# Owens Corning Duration



## Miami Roofer (Jul 7, 2011)

I've been told OC is changing the duration shingle. From what i've heard, the shingle is to have more definition to it and the old lots should not be mixed with the new ones.(obviously for reasons other than just dye-lot) Im not sure about any other changes or the reason why. Of course, I could call the rep and confirm all the changes but sometimes the roofers installing the shingles know more and have a clearer explanation as to why- especially if they are Platinum Preferred. What have you heard?


----------



## MJW (Apr 16, 2009)

I hope they do something. Anything other than Landmarks up here are terrible and getting worse as time goes on. Used some new timberlines a few weeks ago and was amazed that they actually made them lighter than they used to be.
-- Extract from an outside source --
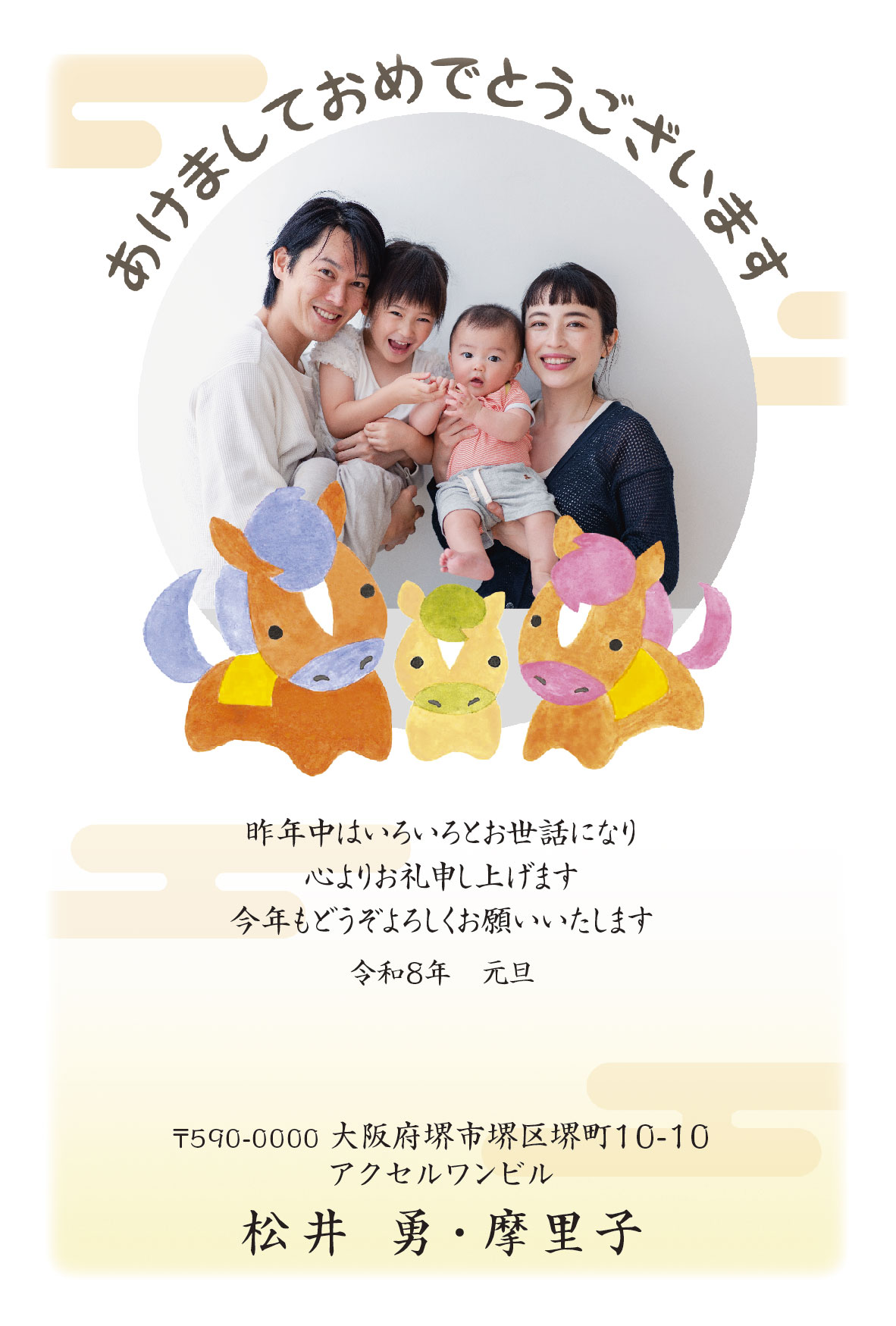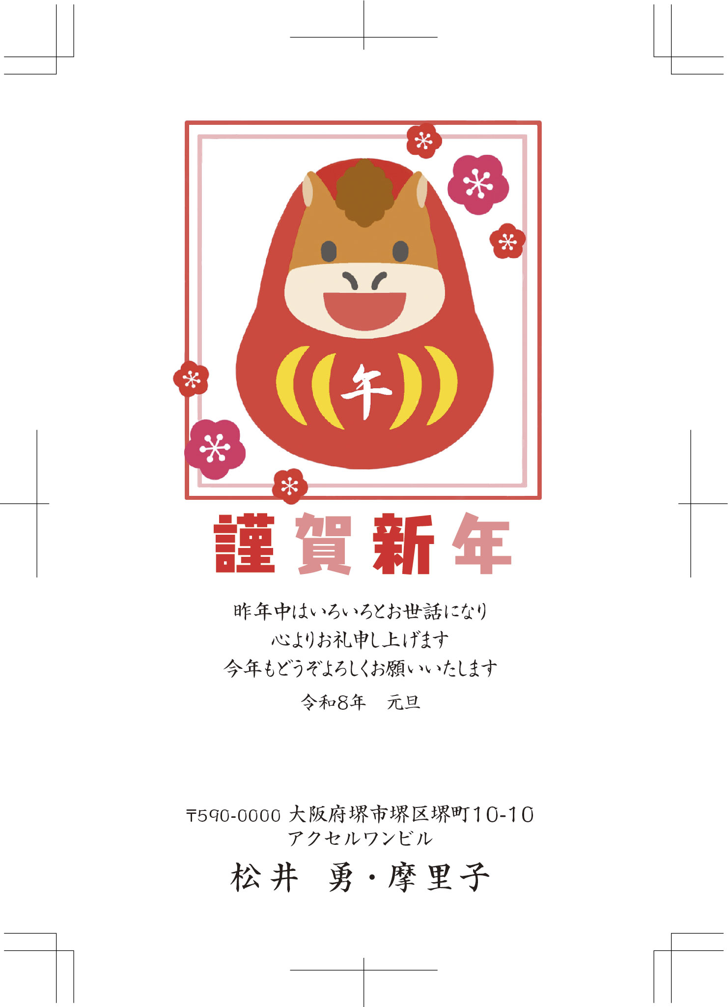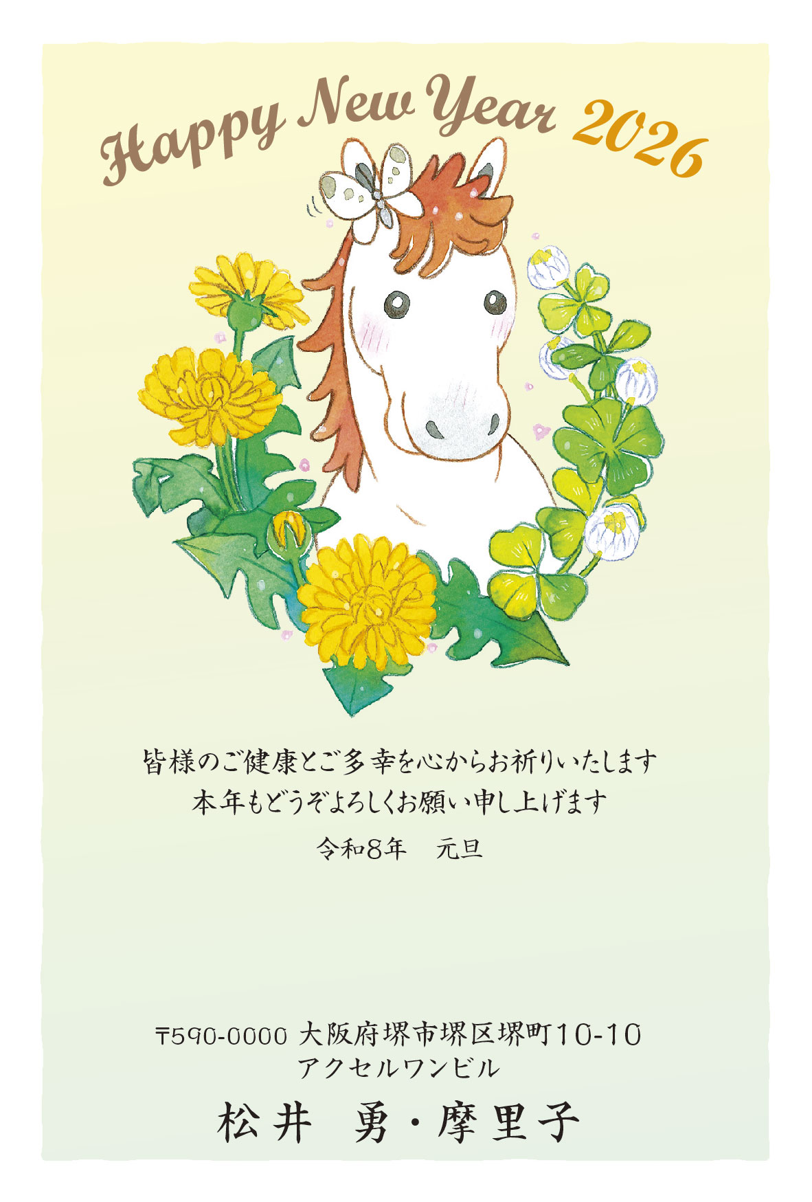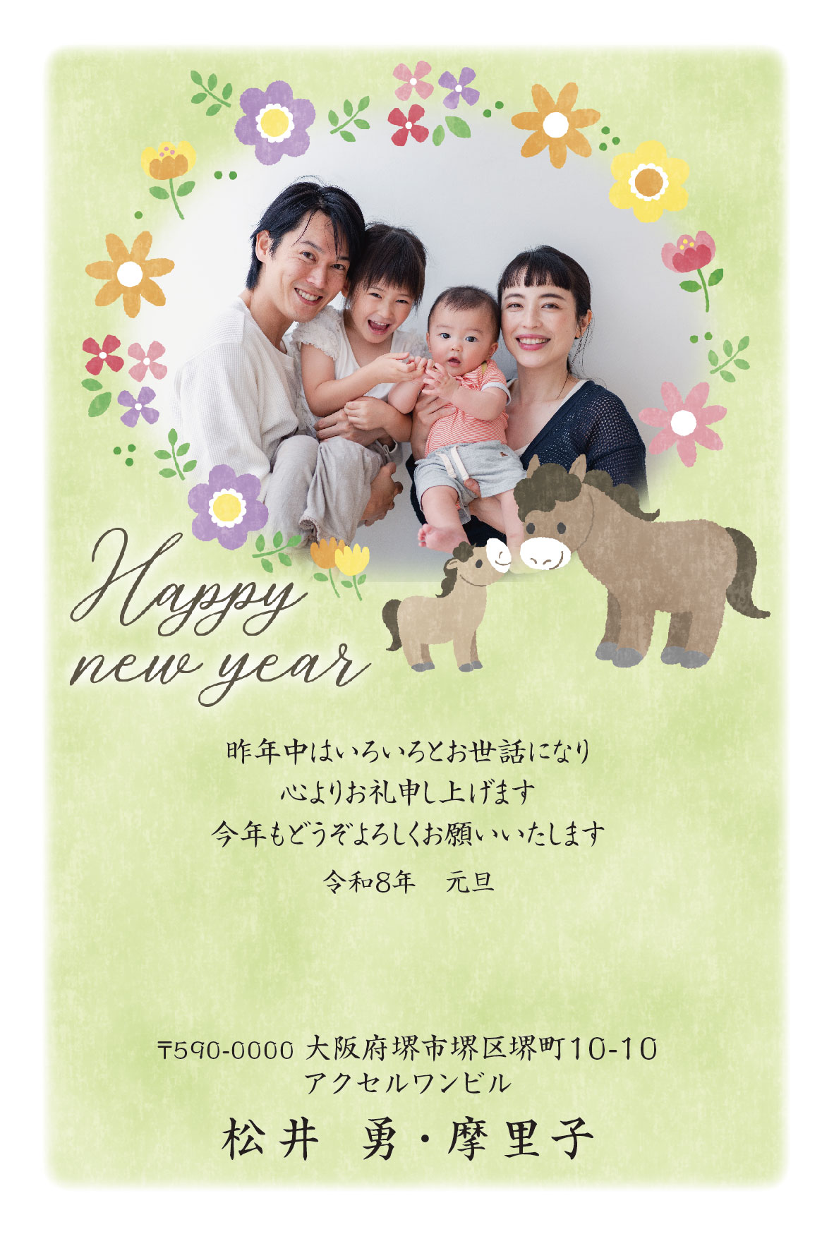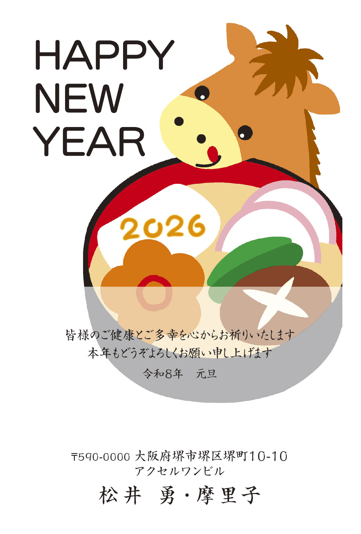 年賀状デザインをお選びください。デザイン番号を選んで、ご注文にお進みください。文章は自由にご記入いただけます。

Can snap them with two fingers, even at the nailing line.


----------



## Acubis (Jan 10, 2011)

*Yep- from a Platinum Preferred*

So a rep brought in the new shingle seal strip- seams like they are doing away with the SURENAIL strip that is there now and changing it to a reinforced fabric strip that holds the nails much better. It will not be as wide as the SURENAIL strip but better overall. May help address some concerns with moisture being trapped in between shingles.


----------



## RooferJim (Oct 20, 2008)

There has been a lot of problems with OC shingles getting water trapped in the seal strip. Its ends of leaking and rotting out the nails.


----------